The retinal pigment epithelium (RPE) lies between the outer segments of the photoreceptors and the choroidal blood supply (Fig. 1). The RPE combines the functions of epithelial and glial cells, providing a barrier while also supporting the neural photoreceptors and modulating their function. Tight communication between photoreceptors and the RPE is critical to coordinate the multiple levels of interaction, and the purinergic contribution to this communication is becoming apparent. The relevance of this purinergic input is emphasized by the many functional effects of P1 and P2 receptor stimulation and by the multiple mechanisms in place to regulate subretinal levels of purine agonists. As the dynamics of ATP release and extracellular conversion into adenosine will modify agonist availability, the modulation of these processes can exert a temporal control on purinergic signaling. The following review will outline the main interactions between the RPE and photoreceptors, describe the effects of stimulating purinergic receptors on both sides of subretinal space, and summarize how levels of ATP, ADP, and adenosine are manipulated in this microenvironment.

Fig. 1

Schematic illustration of the key components of purinergic signaling in the subretinal microenvironment. Stimulation of P2 receptors on the RPE can enhance transepithelial fluid absorption while P1 receptors can modulate phagocytosis. ATP released through CFTR and other Cl− channels can stimulate P2 receptors or be converted to ADP, AMP, and adenosine (Ado) by a series of ectonucleotidases present on the apical membrane of the RPE. By controlling the balance of extracellular purines available to stimulate these receptors these mechanisms can control levels of endogenous purines available to activate the receptors. While theoretically possible, it remains to be determined whether these subretinal purines can actually stimulate photoreceptors

Purines and subretinal space

RPE-photoreceptor interactions across the subretinal space

The outer segments of the rods and cones are responsible for the initial stages of vision, converting photon energy into a series of enzymatic reactions that close the light-sensitive channels on the photoreceptor plasma membrane, hyperpolarize the cells, and reduce the release of glutamate from the synaptic terminals [1, 2]. Efficient photoreceptor function depends upon both short-term and long-term support from the RPE. The critical nature of these interactions is evident from the rapid degeneration of photoreceptors in the absence of a healthy RPE layer and by the RPE localization of defective gene product in some forms of hereditary photoreceptor degeneration [3].

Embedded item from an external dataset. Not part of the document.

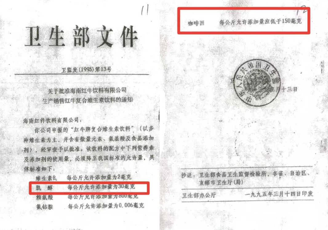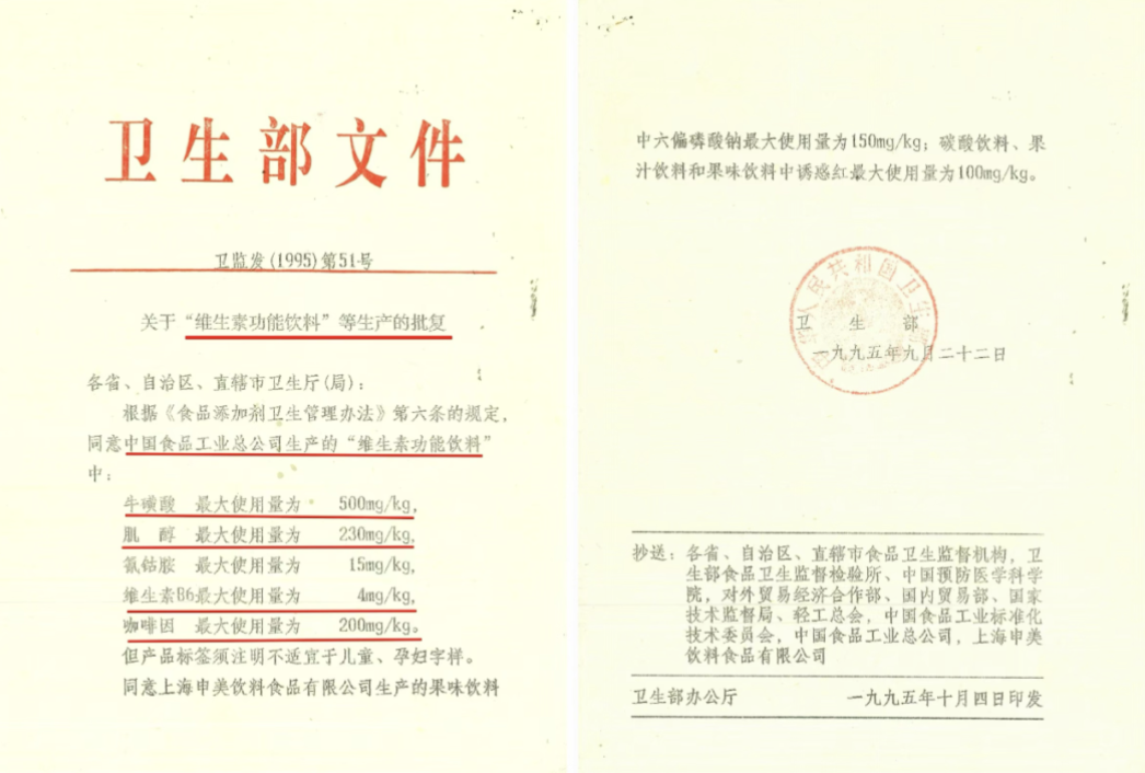 1995年3月,许书标先生和华彬集团严彬先生合作后,严彬找到中国食品工业总公司、深圳中浩集团合作。1995年3月29日,中食公司向卫生部申请“维生素功能饮料”营养素含量行政许可批文。1995年9月22日、卫生部针对中国食品工业总公司作出的批复(卫监发[1995]第51号),“同意中国食品工业总公司生产的‘维生素功能饮料’中牛磺酸最大使用量为500mg/kg、肌醇最大使用量为230mg/kg、氰钴胺最大使用量为15mg/kg、维生素B6最大使用量为4mg/kg、咖啡因最大使用量为200mg/kg”,后中食公司将此“维生素功能饮料”批文及配方投入到合资公司,此即“合资公司产品”专有名称的来源,一直在中国使用了29年,其成份含量也从未发生过实质变化。

The apical membrane of the RPE is separated from the plasma membrane of the outer segments by an extracellular space of only 10–20 nm [4]. Although small, this subretinal space contains a highly structured matrix which ensheathes the outer segments and extends to the RPE [5, 6]. The presence of enzymes within this interphotoreceptor matrix emphasizes that this extracellular space itself is functionally active [7, 8]. This intimate anatomical relationship between photoreceptors and the RPE reflects multiple functional interactions. For example, the RPE accepts, recycles, and exports central components of the phototransduction process [9]. The outer segments are continuously resynthesized, and the phagocytosis, degradation, and processing of shed outer segment tips by the RPE cells is central to this renewal [10]. The ion channels and transporters on the apical membrane of the RPE help regulate the ionic composition of the subretinal space [11]. As extracellular levels of ions can modify the ionic driving forces across the photoreceptor plasma membrane, these RPE transporters can influence the state of neural activity. The transport of fluid and ions from the apical membrane to basolateral membrane of the RPE is also one of the main forces keeping the retina attached [12].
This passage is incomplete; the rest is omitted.